BRIEF: Exact transcription, pictures omitted: reproduce the listing below.

[DATA EXCERPT — start]

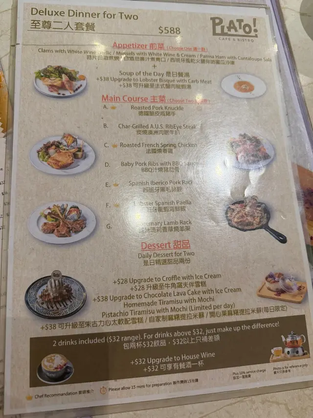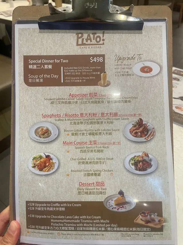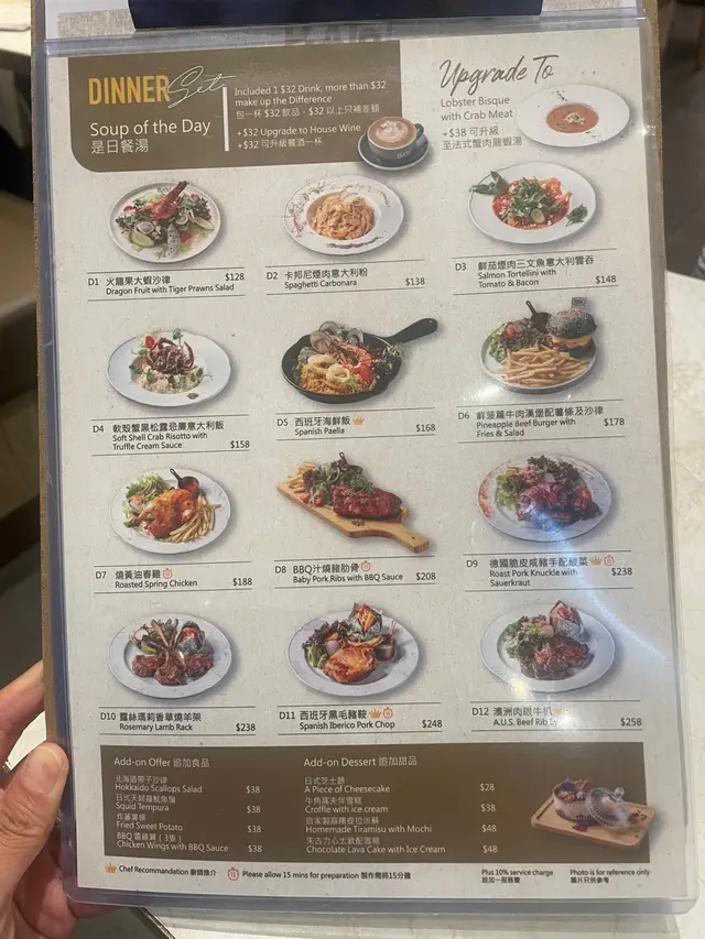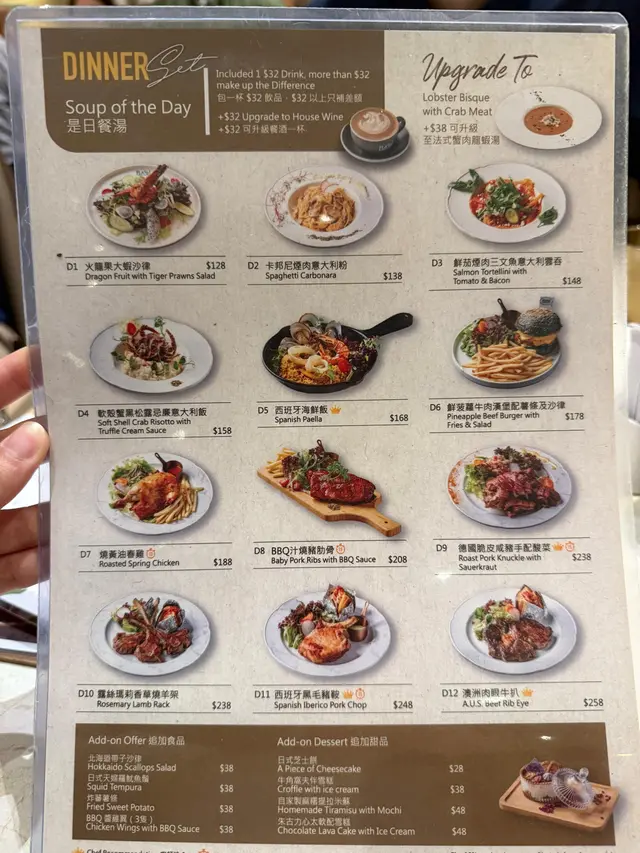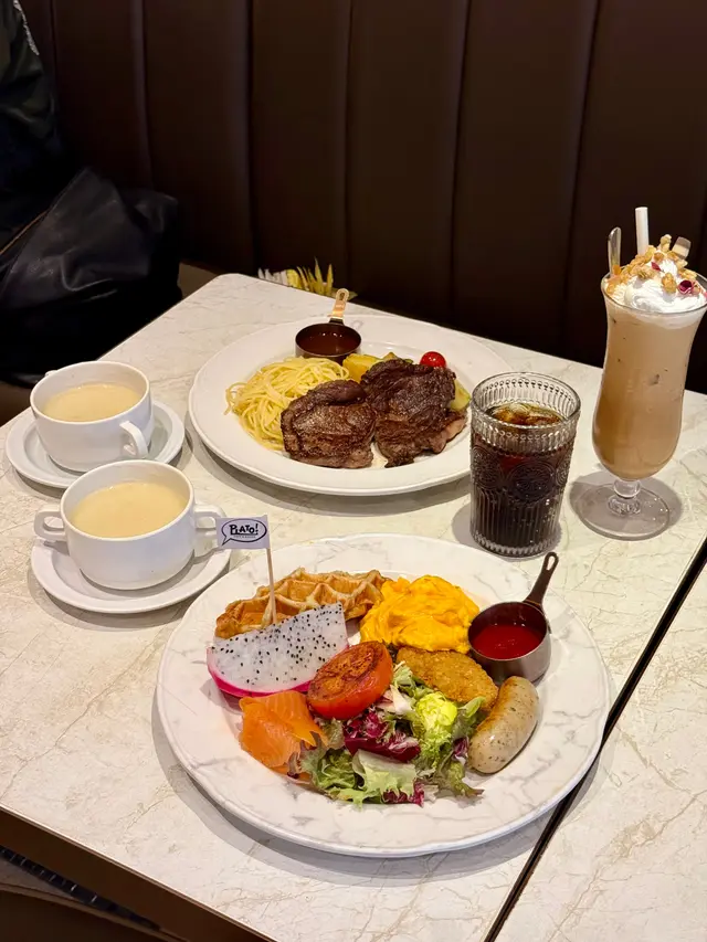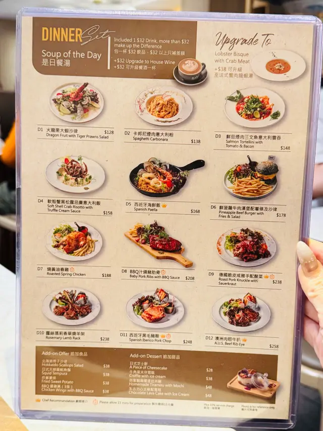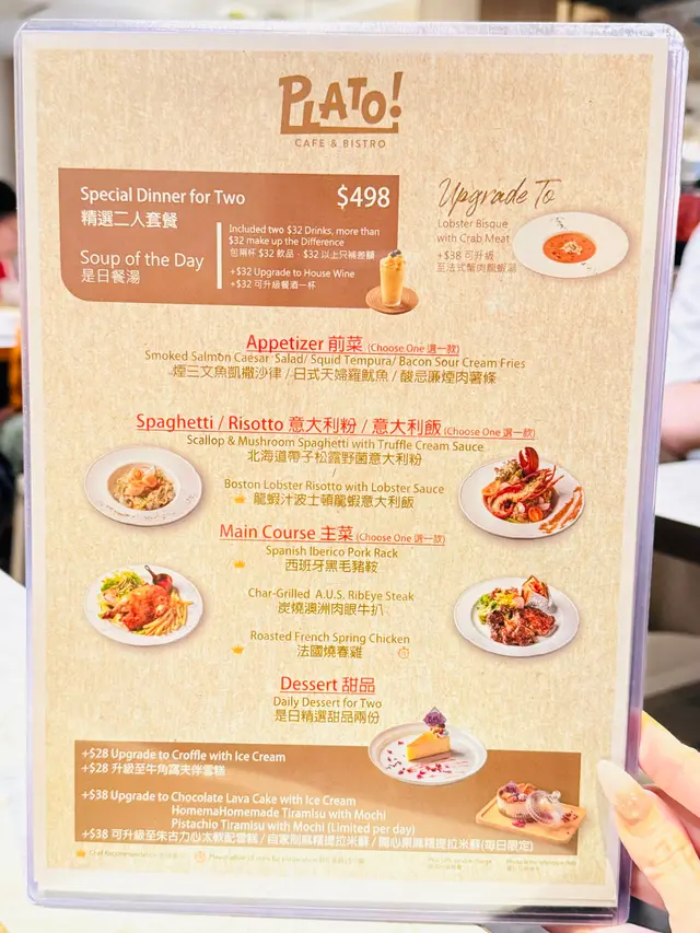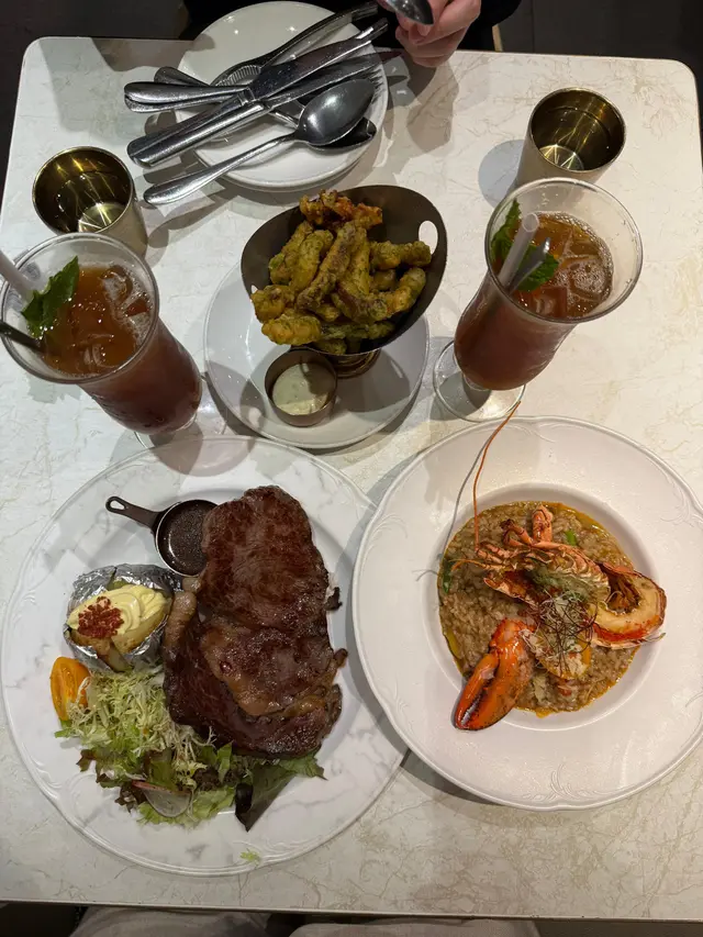 佐敦中附近向來多美食, 今次黎左呢間西餐小店食飯~精選二人套餐法式蟹肉龍蝦湯有一條條的蟹肉絲, 且有好濃郁的龍蝦湯味~喝下去creamy易入口是日餐湯(蘑菇湯)喝下去有粒粒蘑菇🍄🟫也是挺creamy的~煙三文魚凱撒沙律🥗煙三文魚有肥美的魚油香沙律🥗新鮮爽脆,放上麵包糠及淋上Caesar汁尤其fresh!龍蝦汁龍蝦意大利飯龍蝦肉新鮮彈牙,仲配上蟹鉗一齊食啖啖肉非常滿足😌而每一口意大利飯充滿著龍蝦汁的鮮味絕對係滿滿的幸福感☺️西班牙黑毛豬鞍架豬鞍新鮮嫩滑,基本上不用蘸任何醬汁,便可吃得出豬肉鮮味旁邊仲有焗薯仔🥔再放上沙律汁及脆煙肉澱粉質雖然比較多,但調味的確無得彈!牛角窩夫(1 個)伴雪糕窩夫帶有牛角包🥐嘅鮮味~焗得好香脆表面再放上忌廉及雲尼拿雪糕🍦有冰火二重奏的享受芝士蛋糕芝士🧀味濃郁,而且吃下去不會漏,甜度剛剛好非常適合吃不到太甜的朋友~抹茶鮮奶 (熱, 少甜)抹茶🍵味很濃郁,口感好順滑易入口!柚子檸檬梳打 (少冰, 少甜)柚子味豐富,梳打水喝下去舒暢爽快~在炎炎夏日下,喝一口非常暢快!…查看更多
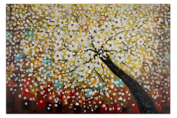 Zauber im Baumwipfel' verleiht Ihren Räumen eine einmalige Atmosphäre. Perfekt um Ihr Wohnzimmer in Szene zu setzen oder in Ihrem Büro einen extravaganten Blickfang zu integrieren - ein Ensemble aus den verschiedensten Formen mit gelben Akzenten für die Ewigkeit. Dementsprechend erfreuen sich auch Ihre Gäste an Ihrem vorzüglichen Geschmack. Ihr handgemaltes Gemälde erhalten Sie in der Größe 120x80cm. Anders als bei minderwertigen Drucken auf Leinwand können Sie auf unseren Unikaten jeden Pinselstrich fühlen.
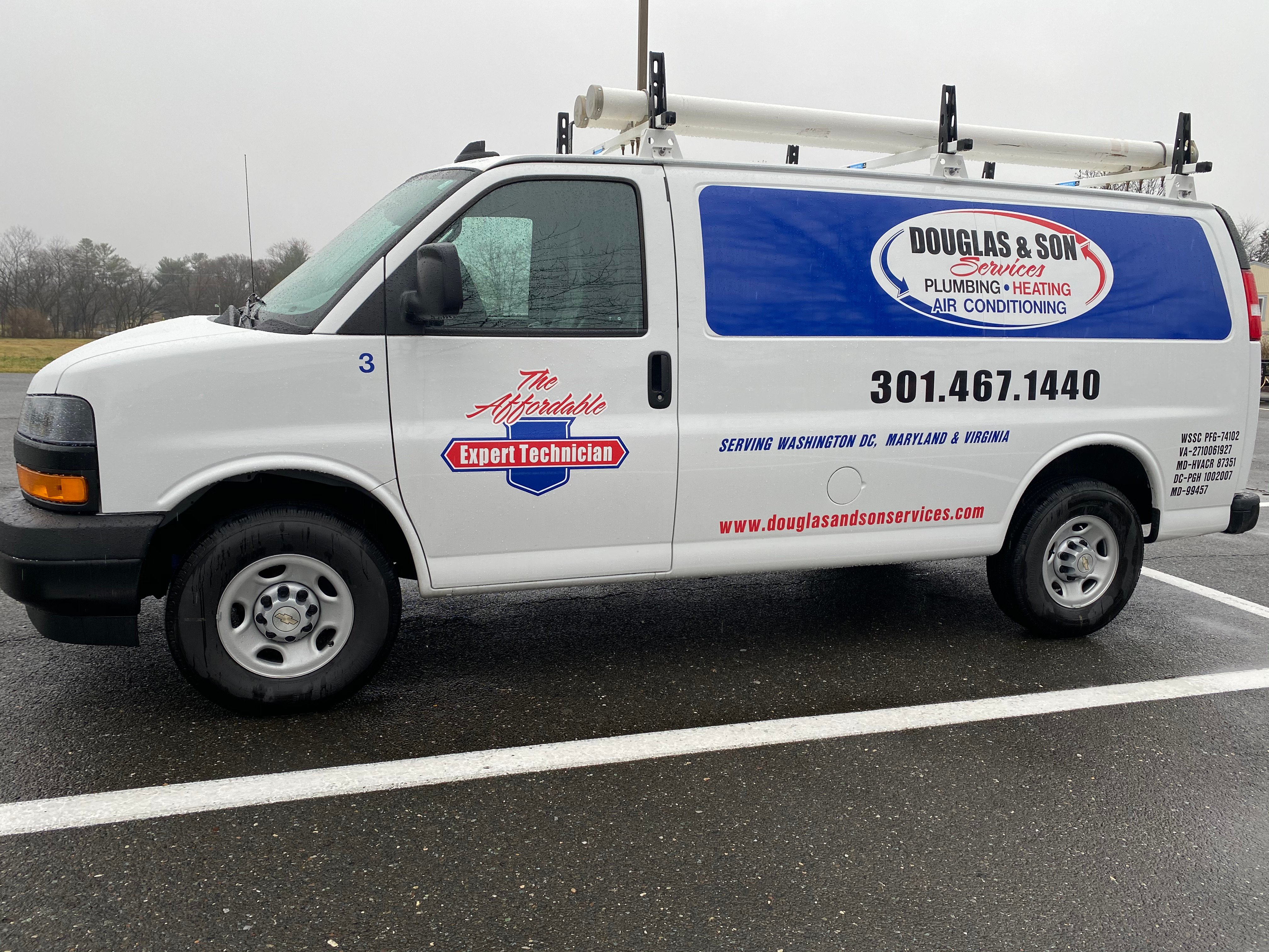 Douglas & Son Services specializes in, but is not limited to, providing the following types of RESIDENTIAL and LIGHT COMMERCIAL SERVICES in the Washington, D.C., Maryland and Virginia Areas: • Heating, Ventilation and Air Conditioning Unit Annual Check-Ups, Maintenance, Installation, Repair and Replacement • Thermostat Installation, Repair and Replacement • Boiler System Installation, Maintenance, Repair and Replacement • Gas Line Installation, Repair and Replacement • Plumbing Faucets & Fixtures Installation, Repair and Replacement • Rough-In Plumbing Work • Sewer Pipe Inspections • Sewer Drain Cleaning • Water Line Installations • Back-Flow Testing, Installation, Repair and Replacement • Tank and Tankless Hot Water Heater Installation, Repair and Replacement • Toilet, Sink, Vanity and Bath Tub/Shower Installation, Repair and Replacement • Garbage Disposal Installation, Repair and Replacement • Appliance (Dishwasher, Instant-Hot, Gas Range, Gas Grill, Gas Fireplace, Gas Dryer, etc.) Installation and Replacement • Whole-House Water Filtration Systems • Sump Pump Installation, Repair and Replacement • Ejector Pit/Grinder Pump Installation, Repair and Replacement • Ice Maker Connections

[DATA EXCERPT — finish]

WRITTEN RESPONSE:
 佐敦中附近向來多美食, 今次黎左呢間西餐小店食飯~精選二人套餐法式蟹肉龍蝦湯有一條條的蟹肉絲, 且有好濃郁的龍蝦湯味~喝下去creamy易入口是日餐湯(蘑菇湯)喝下去有粒粒蘑菇🍄🟫也是挺creamy的~煙三文魚凱撒沙律🥗煙三文魚有肥美的魚油香沙律🥗新鮮爽脆,放上麵包糠及淋上Caesar汁尤其fresh!龍蝦汁龍蝦意大利飯龍蝦肉新鮮彈牙,仲配上蟹鉗一齊食啖啖肉非常滿足😌而每一口意大利飯充滿著龍蝦汁的鮮味絕對係滿滿的幸福感☺️西班牙黑毛豬鞍架豬鞍新鮮嫩滑,基本上不用蘸任何醬汁,便可吃得出豬肉鮮味旁邊仲有焗薯仔🥔再放上沙律汁及脆煙肉澱粉質雖然比較多,但調味的確無得彈!牛角窩夫(1 個)伴雪糕窩夫帶有牛角包🥐嘅鮮味~焗得好香脆表面再放上忌廉及雲尼拿雪糕🍦有冰火二重奏的享受芝士蛋糕芝士🧀味濃郁,而且吃下去不會漏,甜度剛剛好非常適合吃不到太甜的朋友~抹茶鮮奶 (熱, 少甜)抹茶🍵味很濃郁,口感好順滑易入口!柚子檸檬梳打 (少冰, 少甜)柚子味豐富,梳打水喝下去舒暢爽快~在炎炎夏日下,喝一口非常暢快!…查看更多
 Zauber im Baumwipfel' verleiht Ihren Räumen eine einmalige Atmosphäre. Perfekt um Ihr Wohnzimmer in Szene zu setzen oder in Ihrem Büro einen extravaganten Blickfang zu integrieren - ein Ensemble aus den verschiedensten Formen mit gelben Akzenten für die Ewigkeit. Dementsprechend erfreuen sich auch Ihre Gäste an Ihrem vorzüglichen Geschmack. Ihr handgemaltes Gemälde erhalten Sie in der Größe 120x80cm. Anders als bei minderwertigen Drucken auf Leinwand können Sie auf unseren Unikaten jeden Pinselstrich fühlen.
 Douglas & Son Services specializes in, but is not limited to, providing the following types of RESIDENTIAL and LIGHT COMMERCIAL SERVICES in the Washington, D.C., Maryland and Virginia Areas: • Heating, Ventilation and Air Conditioning Unit Annual Check-Ups, Maintenance, Installation, Repair and Replacement • Thermostat Installation, Repair and Replacement • Boiler System Installation, Maintenance, Repair and Replacement • Gas Line Installation, Repair and Replacement • Plumbing Faucets & Fixtures Installation, Repair and Replacement • Rough-In Plumbing Work • Sewer Pipe Inspections • Sewer Drain Cleaning • Water Line Installations • Back-Flow Testing, Installation, Repair and Replacement • Tank and Tankless Hot Water Heater Installation, Repair and Replacement • Toilet, Sink, Vanity and Bath Tub/Shower Installation, Repair and Replacement • Garbage Disposal Installation, Repair and Replacement • Appliance (Dishwasher, Instant-Hot, Gas Range, Gas Grill, Gas Fireplace, Gas Dryer, etc.) Installation and Replacement • Whole-House Water Filtration Systems • Sump Pump Installation, Repair and Replacement • Ejector Pit/Grinder Pump Installation, Repair and Replacement • Ice Maker Connections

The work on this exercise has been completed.